Insbesondere bei Patienten mit Typ-I-Diabetes könnte eine überaggressive Verwendung von Steroiden theoretisch eine diabetische Ketoazidose auslösen (indem das Gleichgewicht zu weit gekippt wird)., Dies könnte durch die folgenden Maßnahmen vermieden werden:

  • Es wird erwartet, dass DKA auftritt, wenn eine ausreichend hohe Steroiddosis verwendet wird, so dass die intravenöse Dextrose vollständig gestoppt werden kann (was darauf hindeutet, dass keine biologische Insulinaktivität vorliegt). Um DKA zu vermeiden, wird eine Steroidmonotherapie nicht empfohlen. Das Ziel von Steroid isn “ t IV Glucose vollständig zu vermeiden, sondern die Menge an IV Glucose zu reduzieren, die auf eine überschaubare Menge erforderlich ist., Zum Beispiel könnte Steroid die Dosis von IV-Glukose auf ~100 ml/h D10W verringern, eine Menge, die leicht über periphere IV ohne großes Risiko einer Volumenüberlastung verabreicht werden kann.
  • Bei Patienten mit Typ-I-Diabetes muss die Insulinbehandlung wieder aufgenommen werden, sobald die Insulinüberdosis behoben ist (dies gilt unabhängig davon, ob Steroid verwendet wird).

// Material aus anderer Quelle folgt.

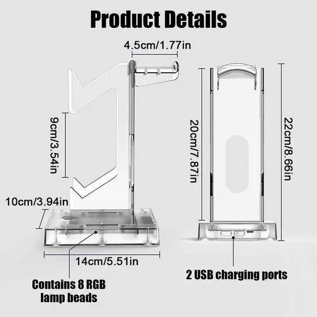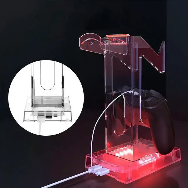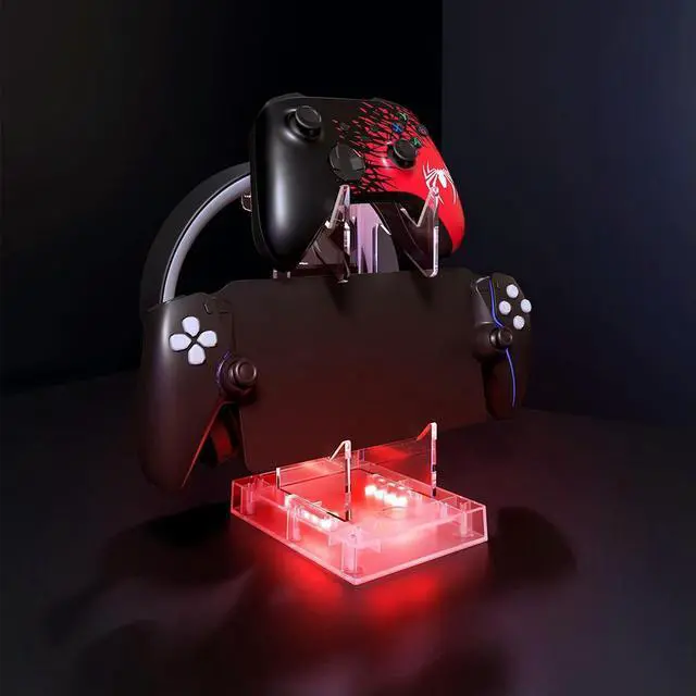 RGB Gamepad Rack Stand with 2 USB Charging Ports & Type-C Controller Holder Headset Stand Desktop Stand for Portal/PS5/Xbox

Nutzen des niedrig dosierten Steroids

Da Steroid Insulinresistenz verursacht, hat es die Fähigkeit, als ein wahres Gegenmittel zu funktionieren. Steroid hat den größten potenziellen Nutzen für Patienten, die schlecht auf IV-Glukose ansprechen (z., mit refraktärer Hypoglykämie oder dem Bedarf an massiven Glukosemengen). Für solche Patienten bietet Steroid:

  • Vermeidung der Notwendigkeit, eine zentrale Linie zu platzieren, um D20W oder D50W zu infundieren.
  • Vermeidung von Flüssigkeitsüberlastung aufgrund einer Dextroseinfusion mit großem Volumen.
  • Vermeidung wiederholter hypoglykämischer Episoden, die Anfälle und Hirnverletzungen verursachen können.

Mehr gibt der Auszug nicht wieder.